Does the NX 2000 Exhaust bolt up to the NX 1600 correctly from the catback.If so I have found a catback system for the NX 1600 for under 400$


----------



## Pretty White (May 6, 2002)

Yes it will. Good luck!


----------



## DCorleone (Aug 19, 2003)

*car confusion*

i got a 1994 nissan sentra, i know that much. but im starting to wonder what it is. i dont think there is a 1994 nx? i only seen a 1993... its a ga16, 16valve twincam... there is no exhaust on the car at all, so i'm looking to put a performance one on there, but i can only find exahust systems for a 95+, and se-r... so i don't know maybe one of you can tell me how to look for what model? (guy i bought it off of shaved everything off. could it just be a "sentra" as a model?) and once thats figured out - how do i tell if its a 1600 or 2000? and whats the differ?
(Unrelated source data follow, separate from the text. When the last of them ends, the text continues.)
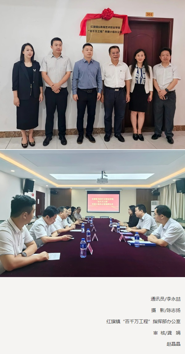 为全面贯彻落实省、市、区“百千万工程”部署要求,进一步推进高校联区镇工作在红旗镇走深走实,红旗镇与珠海艺术职业学院成立合作共建小组办公室,负责协调双方资源,推动高校联区镇助力“百千万工程”结对共建项目落地,确保重点任务的顺利实现。接下来,双方将通过合作共建的一系列措施,为持续推动红旗经济社会高质量发展贡献更大力量。
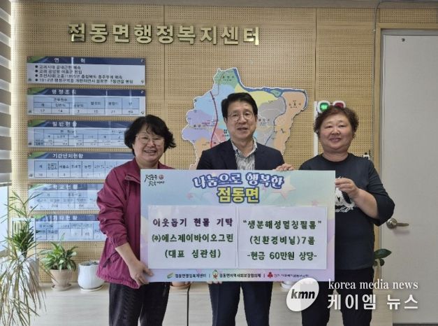 (케이엠뉴스) 점동면지역사회보장협의체는 오는 2026년 5월 6일 추진 예정인 '행복텃밭, 고구마 심기' 사업과 관련하여 ㈜에스제이바이오그린(대표 심관섭)으로부터 친환경 비닐 7롤(환가액 약 60만 원 상당)을 후원받았다.
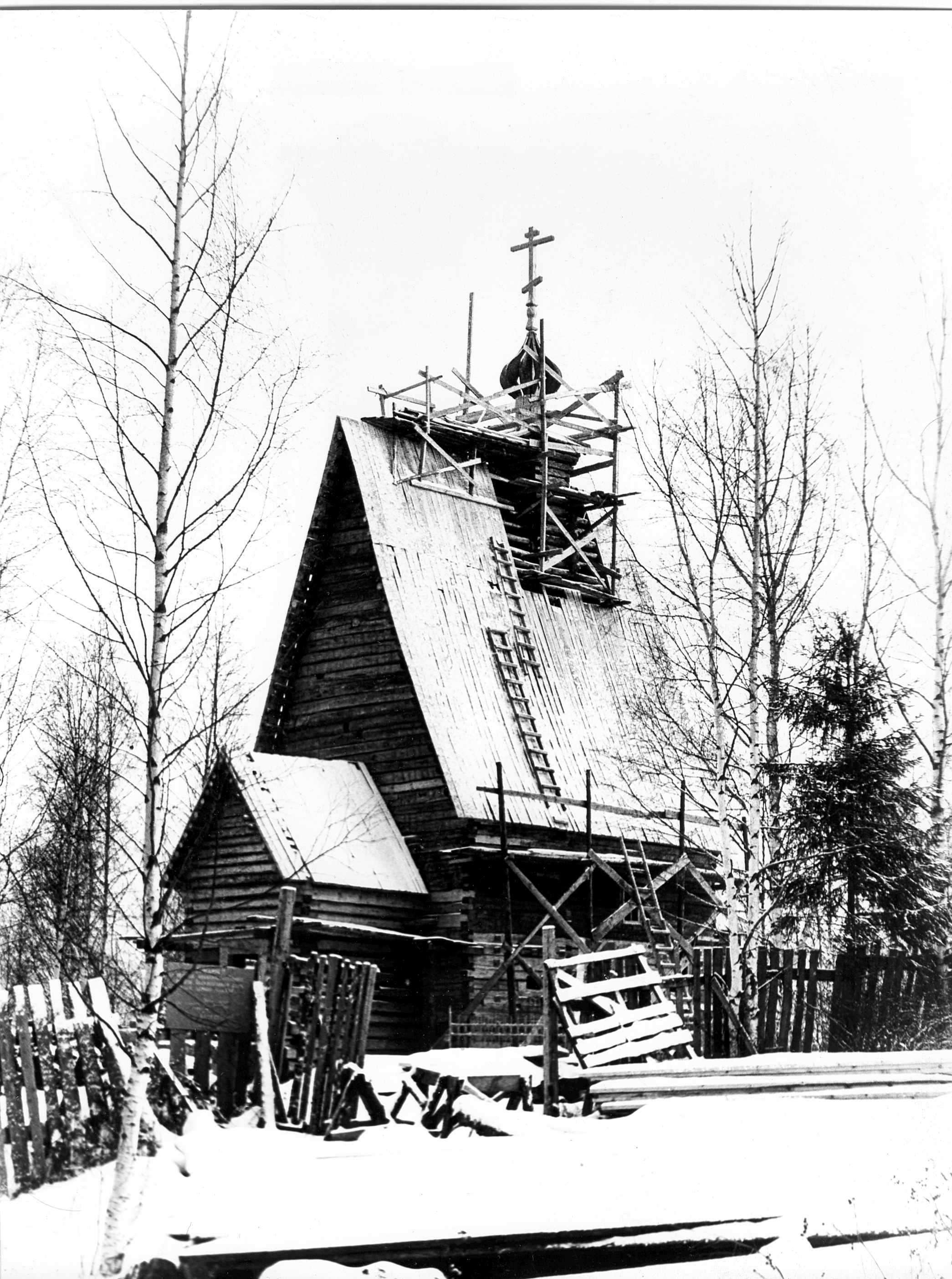 На работе видна маковка с крестом на церкви Воскресения Христова в Плёсе на горе Левитана. Эта деревянная церковь – один из редких примеров церкви клётского типа, т. е. срубленного в клеть, как изба, без галереи. Она была построена в 1699 г. и перенесена в Плёс из с. Билюково Ильинского района Ивановской области в 1982 г. Является подворьем Свято-Никольского женского монастыря г. Приволжска.
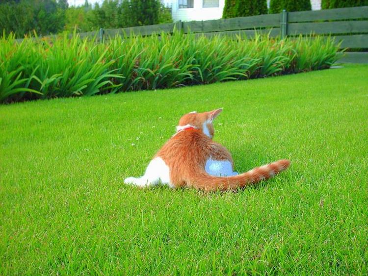 minkštas katinas ant minkštos žolės.
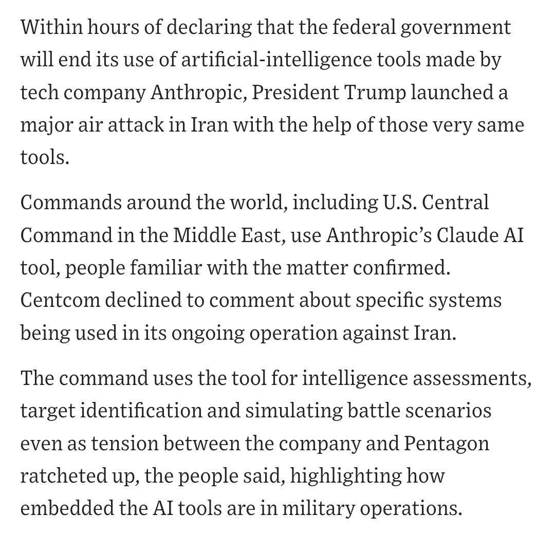 《华尔街日报》:在宣布联邦政府将停止使用由科技公司 Anthropic 开发的人工智能工具后仅几小时,特朗普总统便在这些工具的协助下,对伊朗发动了一场大规模空中袭击。

danifilth - mind telling me where ya got the system from, and if its worth it?


----------



## nitestridar (Jun 29, 2002)

danifilth said:


> *Does the NX 2000 Exhaust bolt up to the NX 1600 correctly from the catback.If so I have found a catback system for the NX 1600 for under 400$ *




where?


----------



## danifilth (May 14, 2003)

sorry to not list I forgot.Its on the www.powertechimports.com under the VRS section you will find a catback for the santra and under it it says NX2000.I guess they have the dimensions on file I am ordering one probably next week.So give me 2 weeks and Ill be able to tell you what it sounds like.Sorry but I have to get my suspension tuned before I start driving my car again so I wont be able to tell you how it drives for another month or so.(maybe we could start a group buy if anyone is interested)


----------



## TooSlo (Jun 26, 2003)

Hmm... very interesting. Can can you send me a PM or post something up when you get this all set up and running? I'll be running into a fair chunk of change for a comission check here in the next two weeks, and may order something up afterwards.


----------



## Eric Caral (Aug 27, 2003)

*Re: car confusion*



DCorleone said:


> *how do i tell if its a 1600 or 2000? and whats the differ?*


the one you have is a 1600. the only difference between the 1600 and the 2000 is that a 1600 runs with ga16 and the 2000 runs with an sr20de


----------



## Eric Caral (Aug 27, 2003)

yeah, id like to hear how it worked out as well. i have a little bit of cash stored and this sounds like a good deal.


----------



## WhiteWiz (Oct 3, 2003)

good price but isn't the accepted optimum exhaust size for the ga16de 2.75"?


----------



## nitestridar (Jun 29, 2002)

WhiteWiz said:


> *good price but isn't the accepted optimum exhaust size for the ga16de 2.75"? *



i think it might be 2" 2 1/4 at most ... 
with cams


----------



## taurus8 (Oct 7, 2003)

Dcorleone - no, there isn't a '94 NX. Just '91-'93.


----------



## Eric Caral (Aug 27, 2003)

WhiteWiz said:


> *good price but isn't the accepted optimum exhaust size for the ga16de 2.75"? *


im not sure, but i dont have to worry about that with the sr20de... any one know what the optimum size is for that?


----------



## danifilth (May 14, 2003)

hey I talked to the guys at VRS and you need to cut 2'' off the rear section to make it fit.In other words it is indeed a catback for a sentra.to help out that other guy.


----------